BAK1 is also critical for plant immunity and plants the lack BAK1 show a much greater susceptibility to bacterial infections. Plants are able to perceive bacteria by recognizing specific molecular signatures or 'effectors'. One of these signatures is bacterial-derived flagellin. Plants perceive flagellin when it binds to the receptor FLS2. When flagellin is perceived by FLS2, this strongly promotes the interaction between FLS2 and BAK1 and this then leads to changes in gene expression that promote defense against bacteria.

In addition to flagellin, plants are also able to perceive other bacterial effectors. One of these, EF-Tu is perceived by the EF-Tu receptor (EFR). Similar to FLS2, BAK1 is required for EFR function.

The LRR-RK Erecta (ER) may also promote plant defense, in concert with BAK1.

=== Regulation of stomatal development ===
Along with its role in plant defense, the ER:BAK1 complex also repress the development of stomata in leaves.
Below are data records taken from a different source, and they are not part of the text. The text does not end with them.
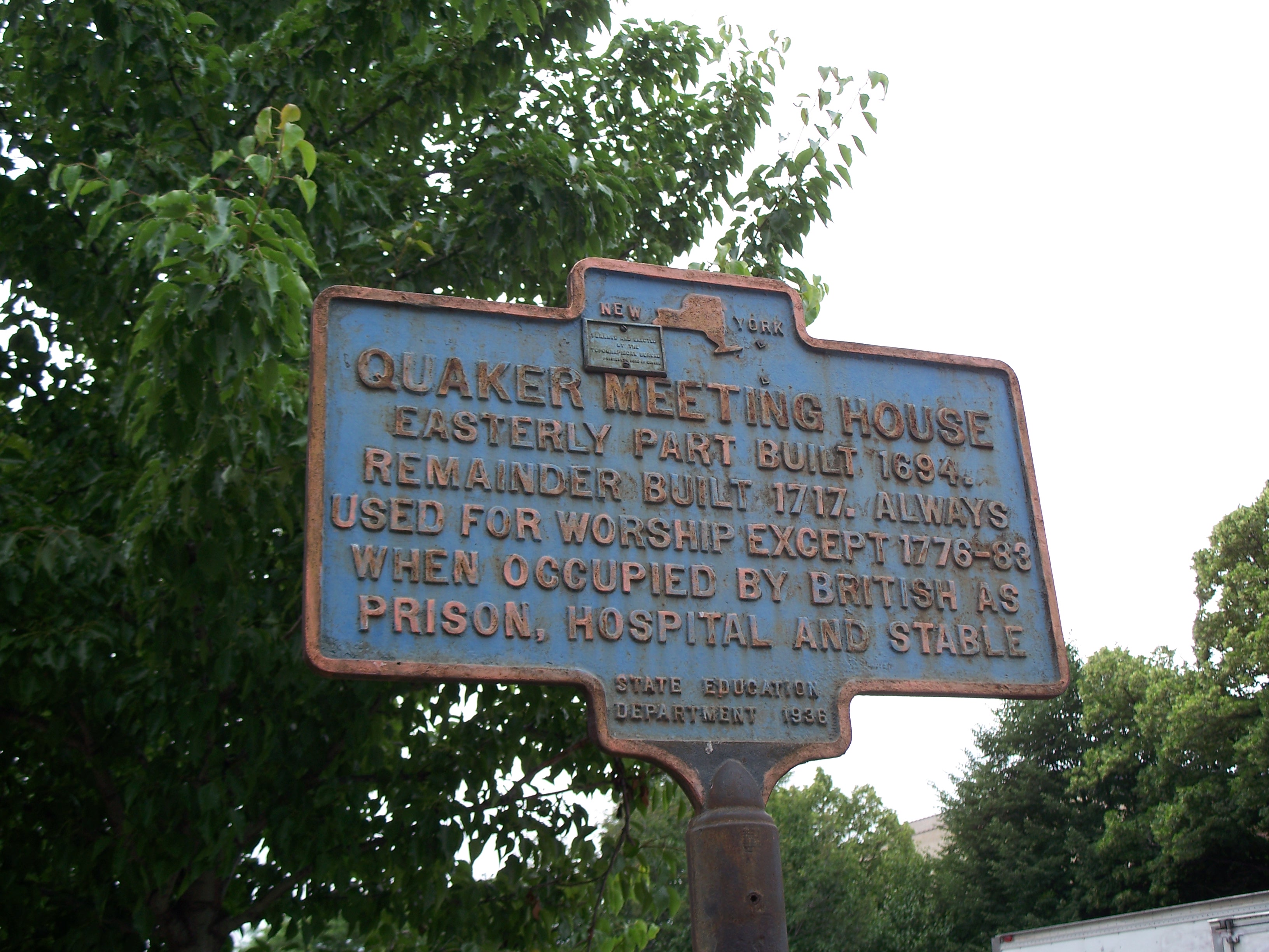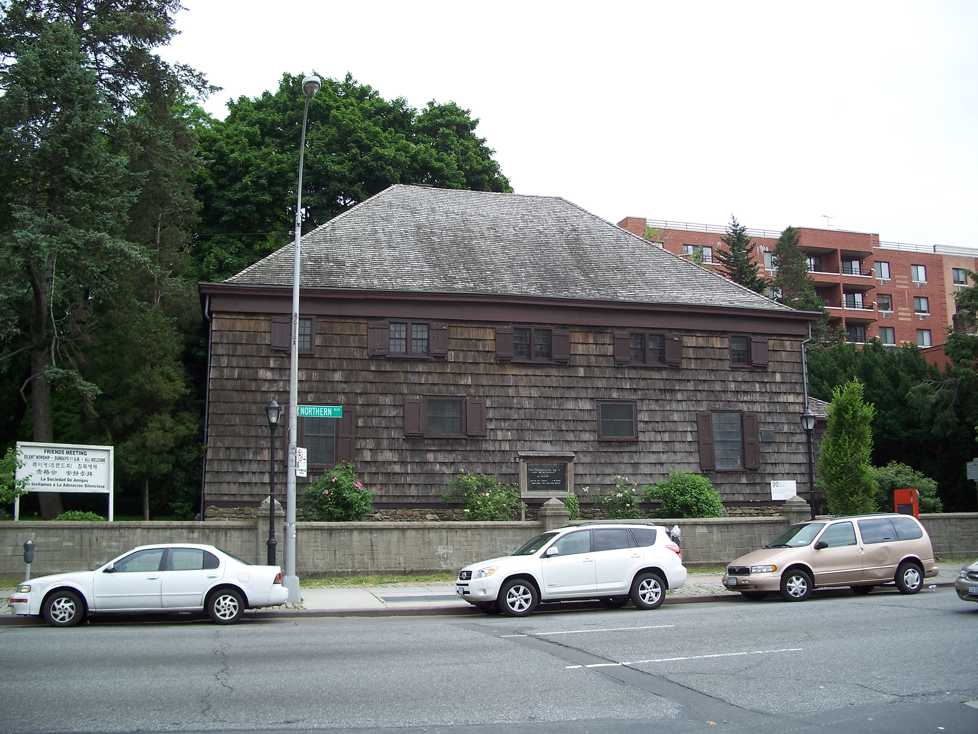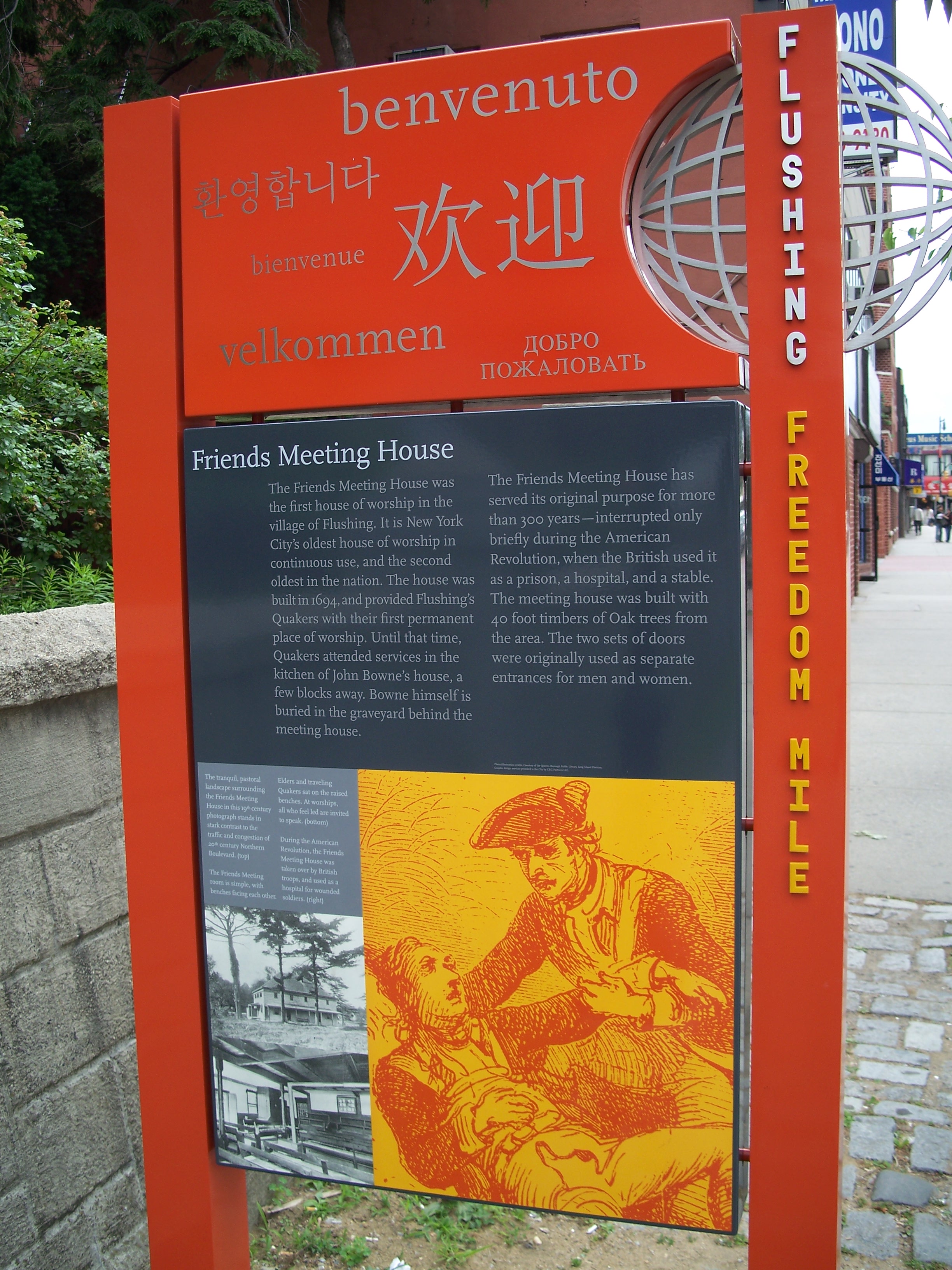 This church was built in 1694 and is the city's oldest house of worship in continuous use and the second oldest in the nation. The meeting house was built with 40-foot timbers of Oak trees from the area and features two sets of doors that were originally used as separate entrances for men and women. Until the construction of this building, the Quakers met in the kitchen of John Bowne (around the corner) and Bowne is buried in a graveyard behind the meeting house. The only interruption to its original purpose was during the American Revolution, when the British used it as a prison, hospital and stable.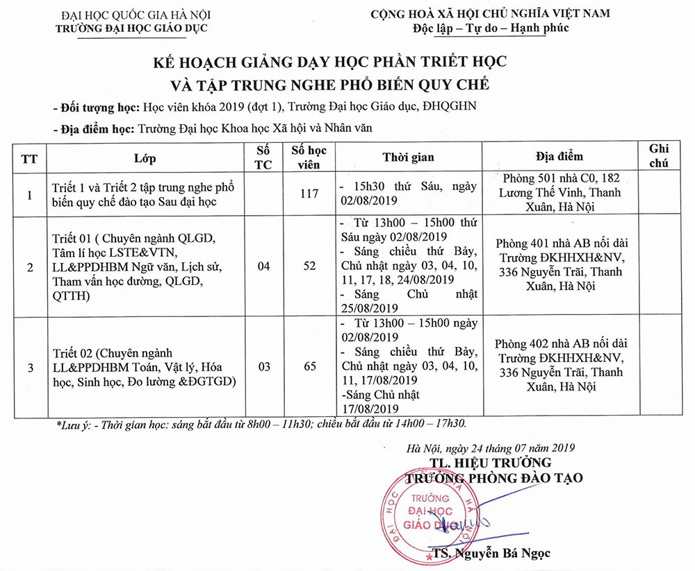 Trường Đại học Giáo dục, Đại học Quốc gia Hà Nội thông báo về kế hoạch học môn Triết học và lịch tập trung phổ biến quy chế đào tạo Sau đại học đợt 1 năm 2019. Chi tiết như sau:
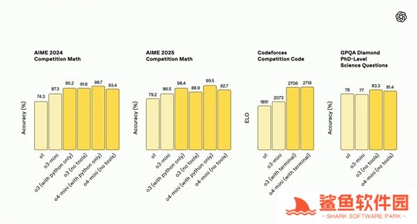 在AIME 2025题目中,两者准确率分别达88.9%和92.7%,在Codeforces编程竞赛评分中,支持终端工具的o3和o4-mini分别取得了2706和2719的ELO分数,领先o1的1891和o3-mini的2073。

Mutations in BAK1 and ER lead in increase in the number of stomata.

== Molecular basis for diverse functional roles ==
The diverse functional roles of BAK1 are brought about through its binding to a large number of receptors. However, many of the molecular components downstream of these receptor:BAK1 complexes are shared between these signalling pathways (for example, BR Signalling Kinase 1 (BSK1) is a positive regulator of both BRI1:BAK1 signalling and FLS2:BAK1 signalling). It is currently unclear how cells are able to distinguish between a BSK1 which has been activated by BRI1 or FLS2. One recent study has shown that BRI1 and FLS2 localize to different 'nano-domains' on the cell membrane and so it is possible that this spatial separation accounts for the very different signal outputs.